October 12th, 2004 · No Comments

Indra Sharma writes about ITC’s Choupal Sagar, which was recently opened in Madhya Pradesh:

Recently, ITC has launched the first rural mall-Choupal Sagar at Rafiqganj that is a little village about four kilometres from Sehore town in Madhya Pradesh. In continuation with its project e-Choupal, Chaupal Sagar is the first rural mall in the country andt stands on an eight-acre plot with a shopping area of 7,000 square feet.

The farmers can buy soaps, detergents and toothpaste, almost everything they need for the family including TVs, DVD players, pressure cookers, room heaters, watches, sewing machines and grinders and, of course, cigarettes. Motorbikes or even tractors are also available. The company is marketing a new range of clothings and shoes too for the rural customers. And the plans are very ambitious. Starting in the first week of October, the daily sale is already between Rs 70,000 to 80,000- not bad as a business proposition too.

The idea is to create a one-stop destination for farmers.

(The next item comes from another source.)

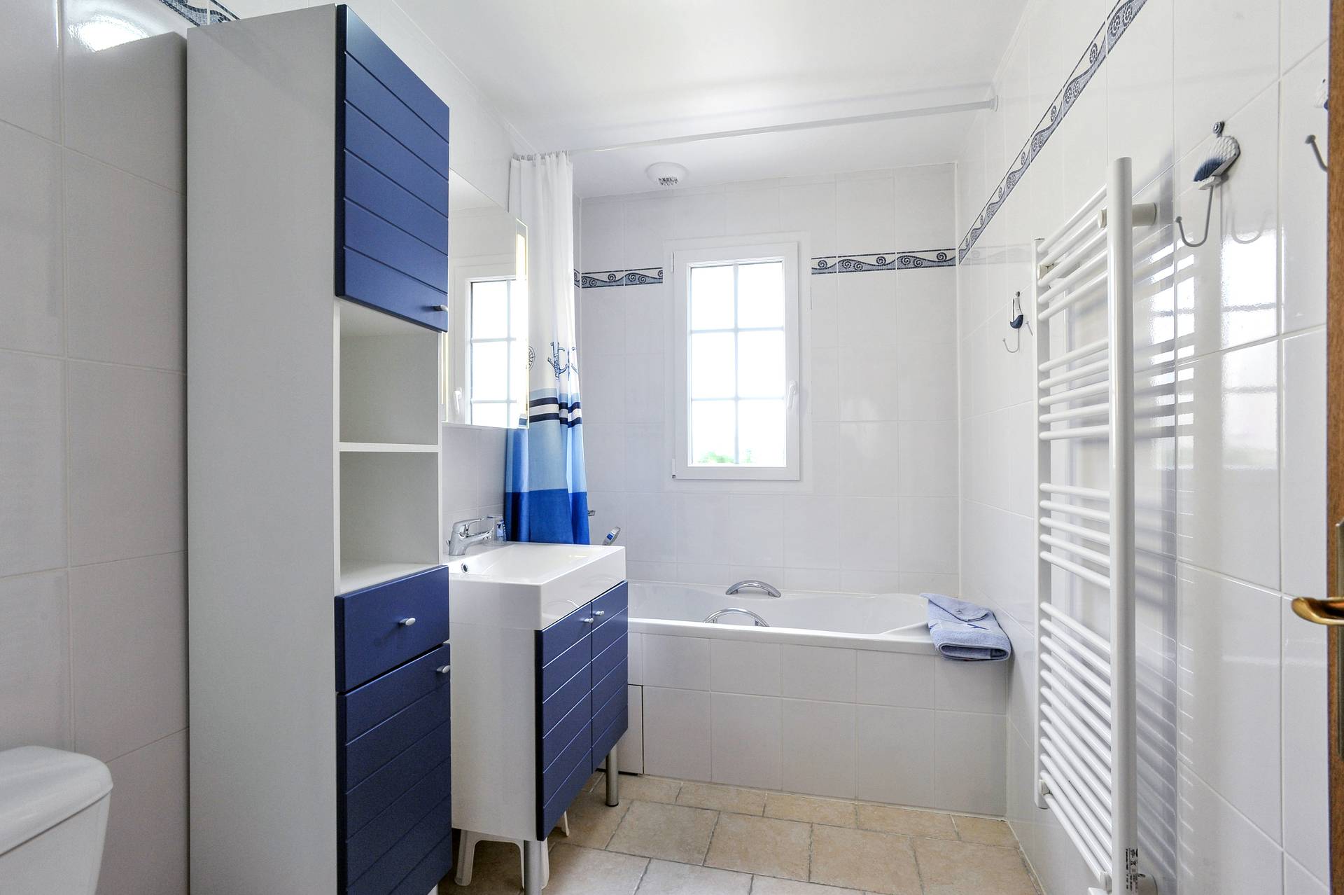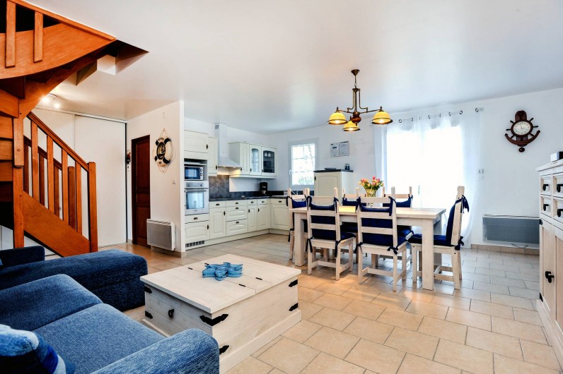 En rez de chaussée, grande pièce à vivre lumineuse et confortable avec cuisine aménagée et équipée, salle de bains et wc.

The farmer, with his family, drives into Chaupal Sagar in a tractor trolley laden with the produce from his field, he proposes to sell. His grain weighed on the digital weighing machine, he drives on to the godown where the produce is unloaded. Meanwhile, his kids can enjoy the swings and video games and his wife may like to move around and select the items she needs for the household. As soon as the farmer gets his cash, they make the required purchases and drive back by evening. They can, for a change, have their lunch in the cafeteria. If he intends to, he can even carry fertilisers and pesticides and get a diesel fill for his tractor.

The shopping area is only a part of the vast Chaupal Sagar. At the back of the mall is a godown where ten thousand tonnes of grain can be stored. Then, the entertainment area with video games and swings. A diesel pump, a cafeteria and a soil-testing laboratory are also coming up and so is a sale point for fertilisers, pesticides and other agro-inputs. A bank, an insurance company office and a training centre for farmers will complete the set-up. If he needs to, the farmer can consult a doctor who will be available on the premises. Is it not the beginning of the great change the villages will be undergoing in months and years to come?